Given records>
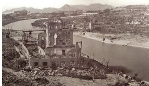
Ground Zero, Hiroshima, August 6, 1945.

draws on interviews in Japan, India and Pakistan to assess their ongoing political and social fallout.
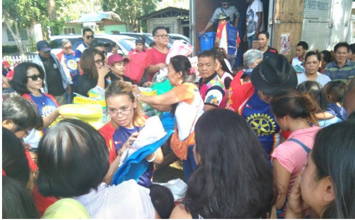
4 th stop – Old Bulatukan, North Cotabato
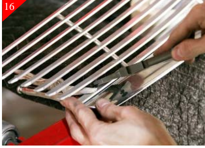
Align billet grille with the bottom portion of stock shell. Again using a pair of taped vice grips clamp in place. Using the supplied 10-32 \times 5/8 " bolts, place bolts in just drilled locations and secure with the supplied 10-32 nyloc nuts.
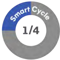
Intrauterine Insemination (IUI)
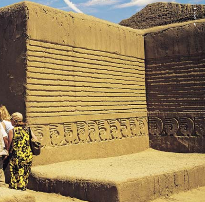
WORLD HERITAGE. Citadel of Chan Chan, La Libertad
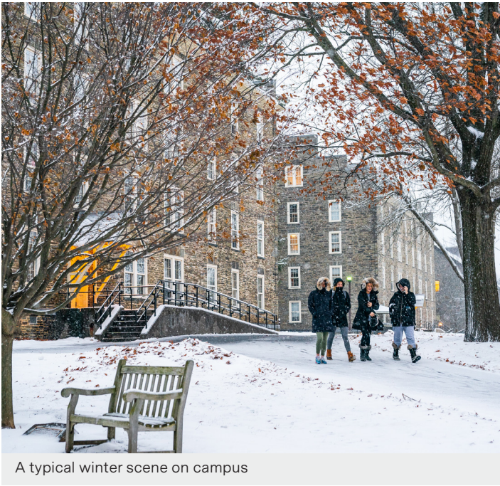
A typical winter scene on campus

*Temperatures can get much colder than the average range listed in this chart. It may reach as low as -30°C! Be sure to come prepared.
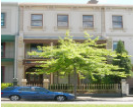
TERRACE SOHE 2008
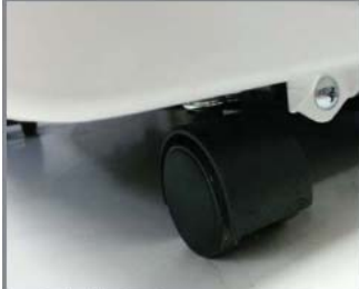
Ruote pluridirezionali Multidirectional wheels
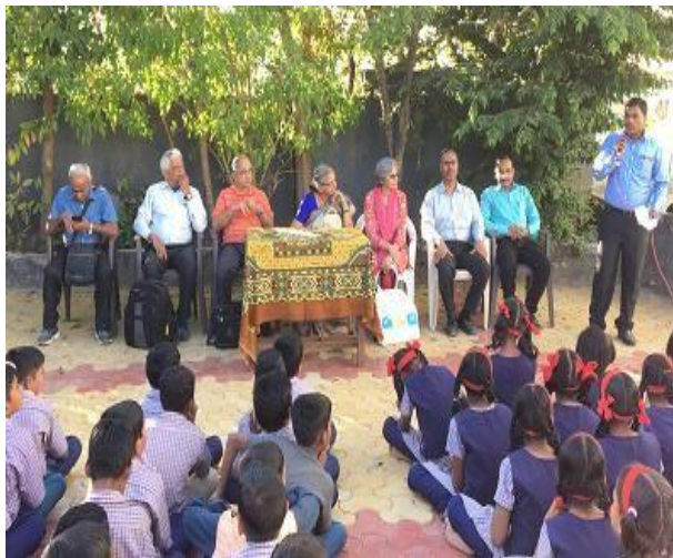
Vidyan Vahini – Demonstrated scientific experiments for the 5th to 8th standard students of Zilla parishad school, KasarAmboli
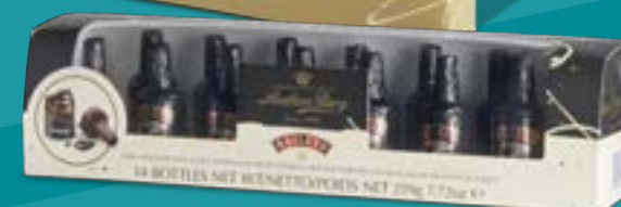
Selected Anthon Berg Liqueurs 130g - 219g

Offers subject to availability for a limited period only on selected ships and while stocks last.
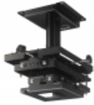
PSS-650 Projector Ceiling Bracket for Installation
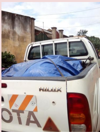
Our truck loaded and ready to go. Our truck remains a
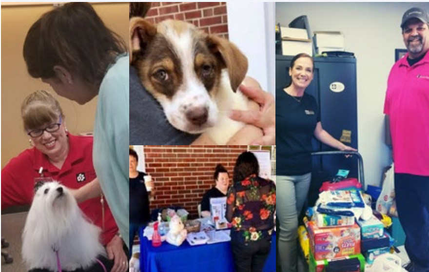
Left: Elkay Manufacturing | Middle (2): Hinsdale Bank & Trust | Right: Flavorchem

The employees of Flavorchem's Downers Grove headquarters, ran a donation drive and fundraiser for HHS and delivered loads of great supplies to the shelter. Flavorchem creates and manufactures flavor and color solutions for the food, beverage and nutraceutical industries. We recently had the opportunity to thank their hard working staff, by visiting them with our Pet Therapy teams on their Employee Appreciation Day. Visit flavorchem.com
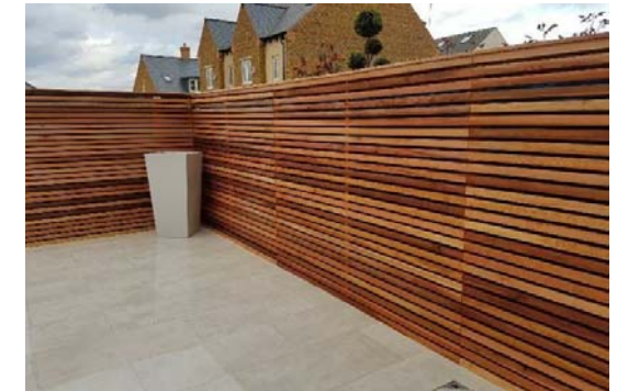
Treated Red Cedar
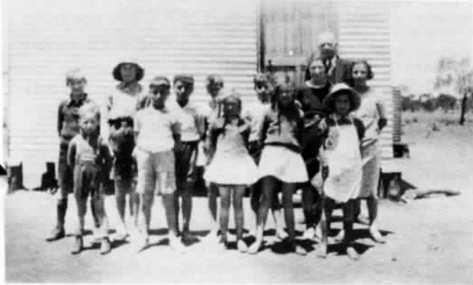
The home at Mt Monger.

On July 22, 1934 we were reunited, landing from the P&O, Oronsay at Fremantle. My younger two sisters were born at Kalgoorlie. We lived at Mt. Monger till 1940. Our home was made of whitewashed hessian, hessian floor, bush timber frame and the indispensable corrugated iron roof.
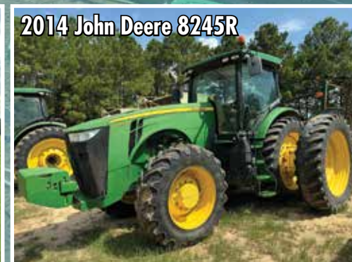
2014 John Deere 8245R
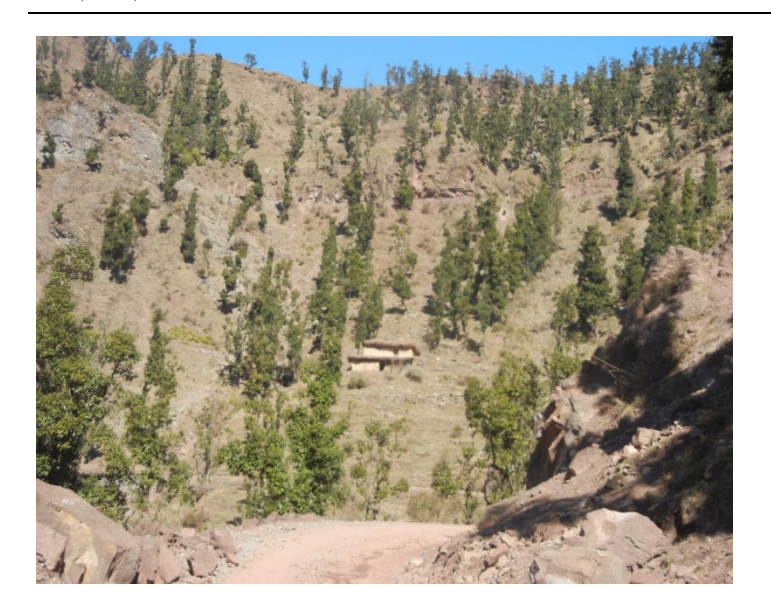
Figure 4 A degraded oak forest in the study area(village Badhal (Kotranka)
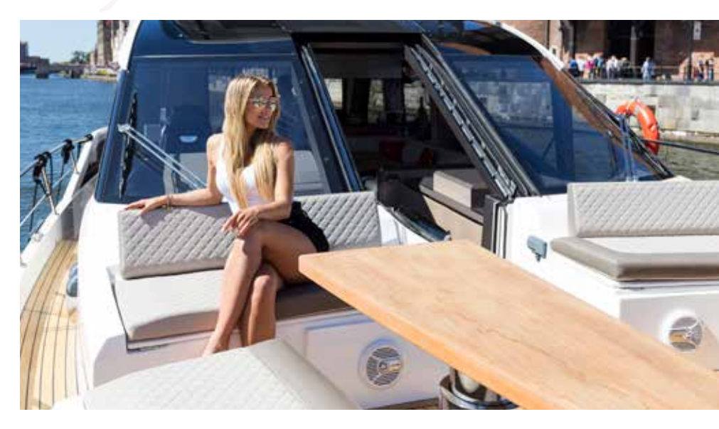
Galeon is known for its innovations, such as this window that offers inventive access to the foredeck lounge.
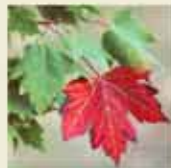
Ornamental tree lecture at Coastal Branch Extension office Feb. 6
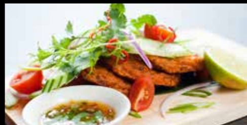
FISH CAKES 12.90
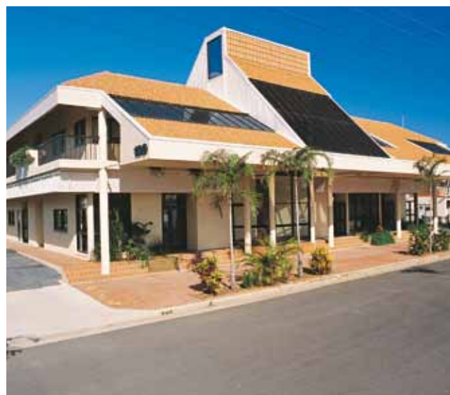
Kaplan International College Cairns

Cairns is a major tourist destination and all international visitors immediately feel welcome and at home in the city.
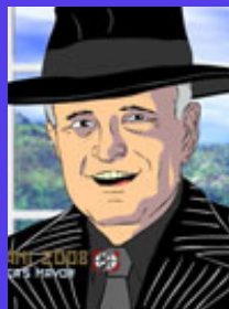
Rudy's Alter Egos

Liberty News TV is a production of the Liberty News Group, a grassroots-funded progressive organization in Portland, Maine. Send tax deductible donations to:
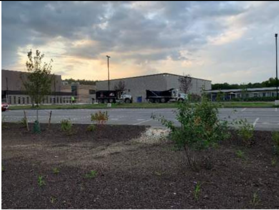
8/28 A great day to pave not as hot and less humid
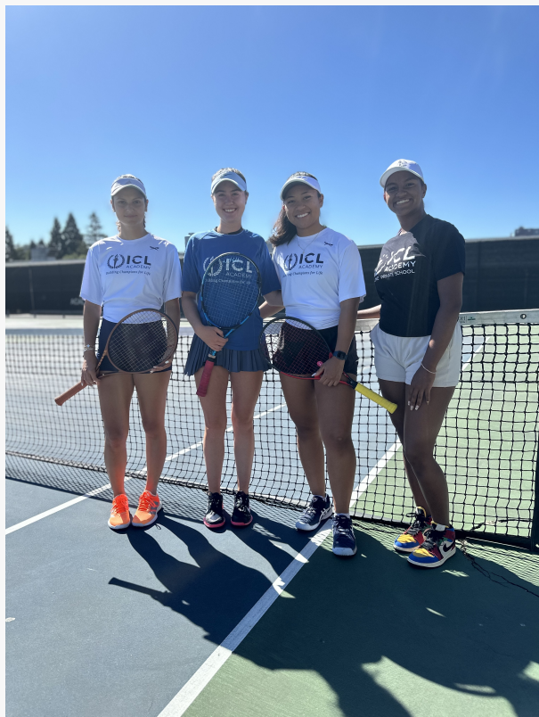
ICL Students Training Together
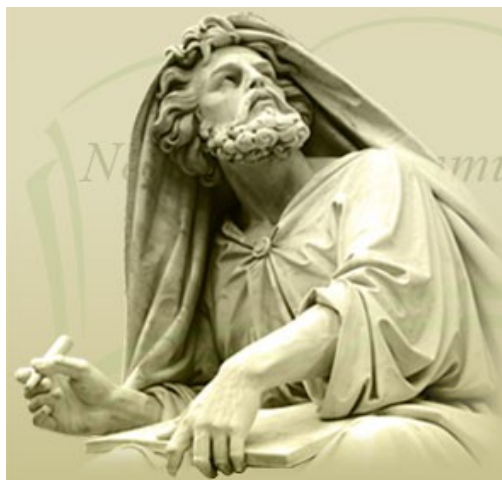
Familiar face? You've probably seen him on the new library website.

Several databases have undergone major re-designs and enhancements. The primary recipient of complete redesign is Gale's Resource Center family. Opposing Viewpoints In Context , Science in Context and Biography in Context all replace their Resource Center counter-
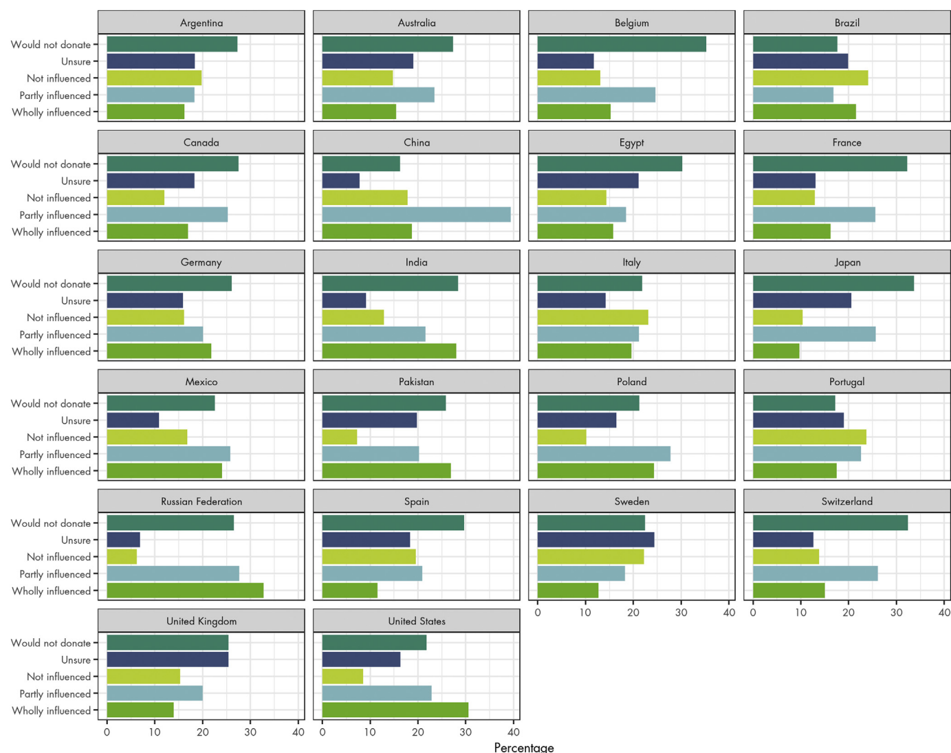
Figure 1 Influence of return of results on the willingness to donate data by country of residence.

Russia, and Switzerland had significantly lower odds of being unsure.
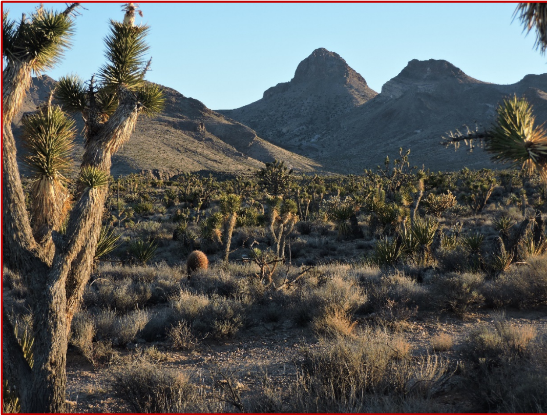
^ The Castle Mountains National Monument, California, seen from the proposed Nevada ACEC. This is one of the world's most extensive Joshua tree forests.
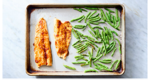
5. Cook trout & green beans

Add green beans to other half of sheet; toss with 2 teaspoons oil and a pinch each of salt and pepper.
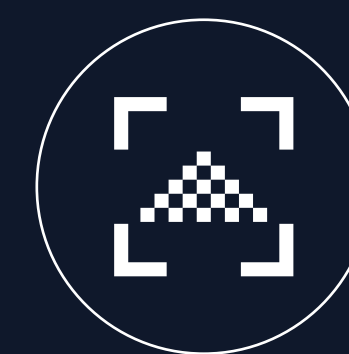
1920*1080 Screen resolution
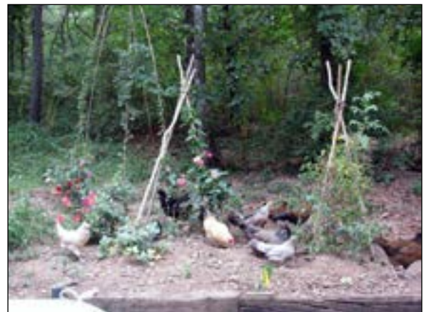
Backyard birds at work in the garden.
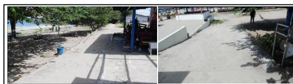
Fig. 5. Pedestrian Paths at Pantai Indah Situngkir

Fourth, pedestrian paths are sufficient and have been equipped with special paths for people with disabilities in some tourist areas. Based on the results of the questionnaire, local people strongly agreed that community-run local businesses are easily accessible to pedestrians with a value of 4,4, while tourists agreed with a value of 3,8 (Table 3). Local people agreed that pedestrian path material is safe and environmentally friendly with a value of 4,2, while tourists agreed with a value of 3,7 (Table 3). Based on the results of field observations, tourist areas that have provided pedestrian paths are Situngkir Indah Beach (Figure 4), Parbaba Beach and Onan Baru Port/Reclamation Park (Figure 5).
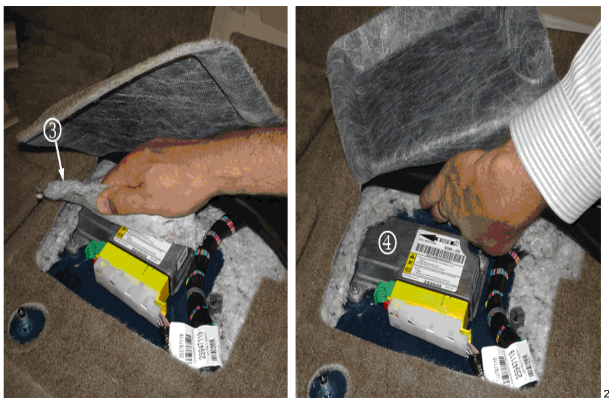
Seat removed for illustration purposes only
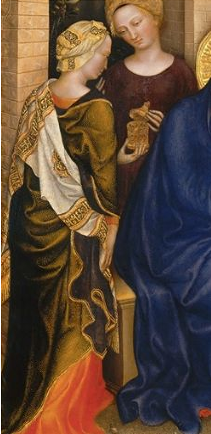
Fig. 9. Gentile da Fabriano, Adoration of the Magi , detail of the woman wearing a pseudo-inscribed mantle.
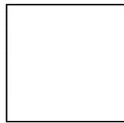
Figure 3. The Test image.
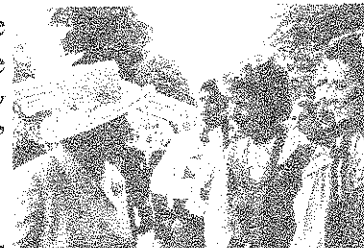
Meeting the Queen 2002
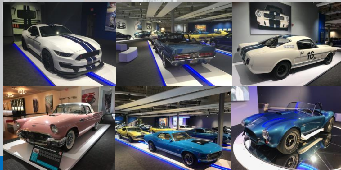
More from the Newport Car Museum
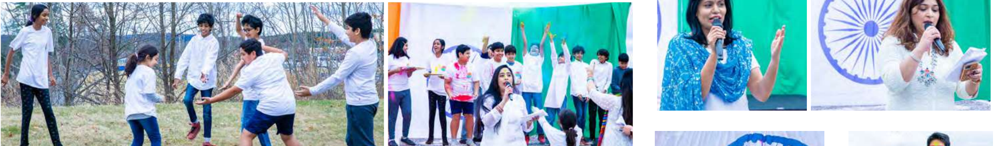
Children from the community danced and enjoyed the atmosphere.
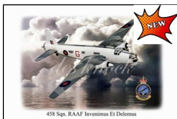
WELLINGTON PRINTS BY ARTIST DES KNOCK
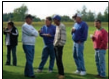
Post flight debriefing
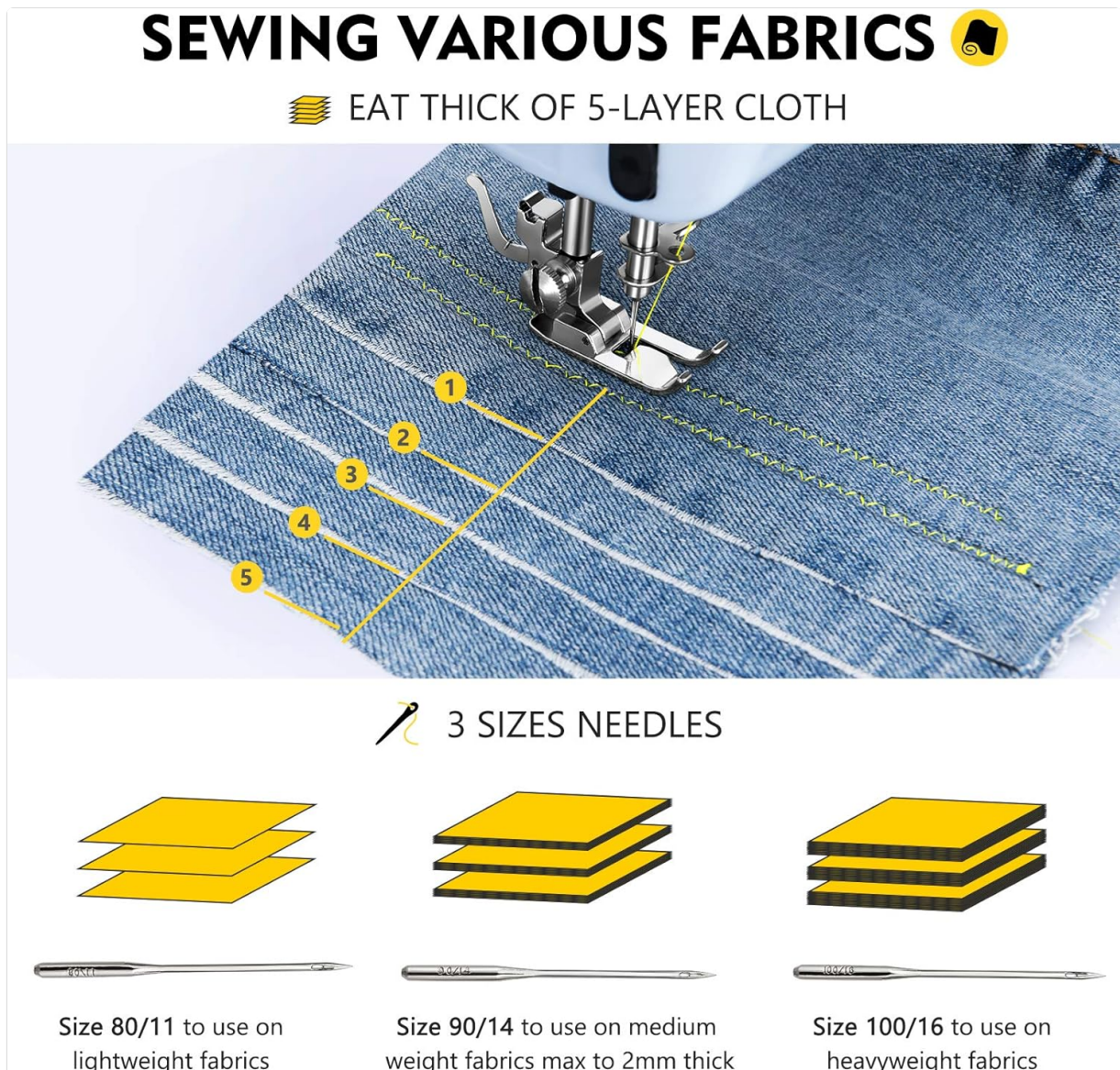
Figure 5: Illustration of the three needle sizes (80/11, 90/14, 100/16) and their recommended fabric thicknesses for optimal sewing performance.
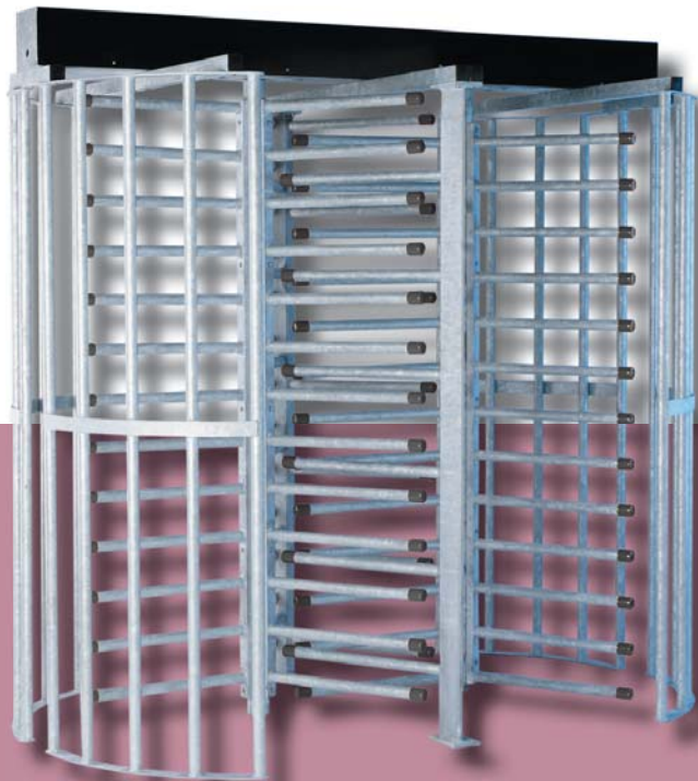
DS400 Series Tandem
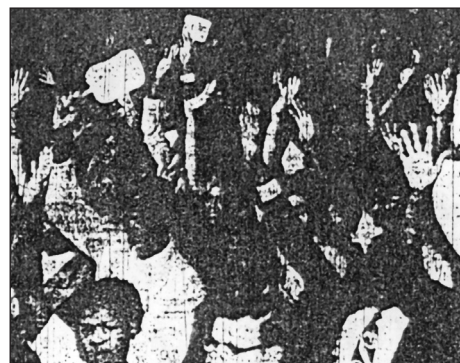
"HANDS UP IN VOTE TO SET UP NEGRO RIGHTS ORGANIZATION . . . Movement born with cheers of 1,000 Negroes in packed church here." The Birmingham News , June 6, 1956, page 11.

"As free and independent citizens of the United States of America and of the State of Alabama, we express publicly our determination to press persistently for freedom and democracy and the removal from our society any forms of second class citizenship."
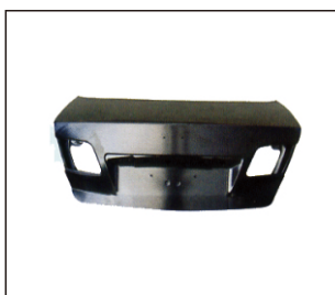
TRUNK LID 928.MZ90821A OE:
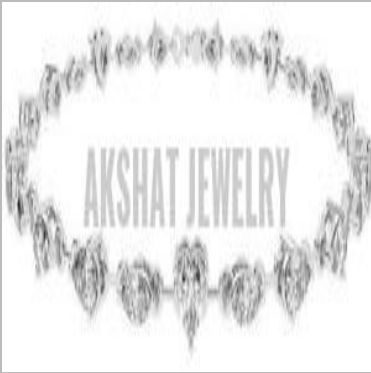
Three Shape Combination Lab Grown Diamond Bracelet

Required work>
Repeat exactly the lines from the first line of the records above through the line containing "Intrauterine Insemination (IUI)", leaving out the pictures.

Output of the exercise>
Ground Zero, Hiroshima, August 6, 1945.

draws on interviews in Japan, India and Pakistan to assess their ongoing political and social fallout.
4 th stop – Old Bulatukan, North Cotabato
Align billet grille with the bottom portion of stock shell. Again using a pair of taped vice grips clamp in place. Using the supplied 10-32 \times 5/8 " bolts, place bolts in just drilled locations and secure with the supplied 10-32 nyloc nuts.
Intrauterine Insemination (IUI)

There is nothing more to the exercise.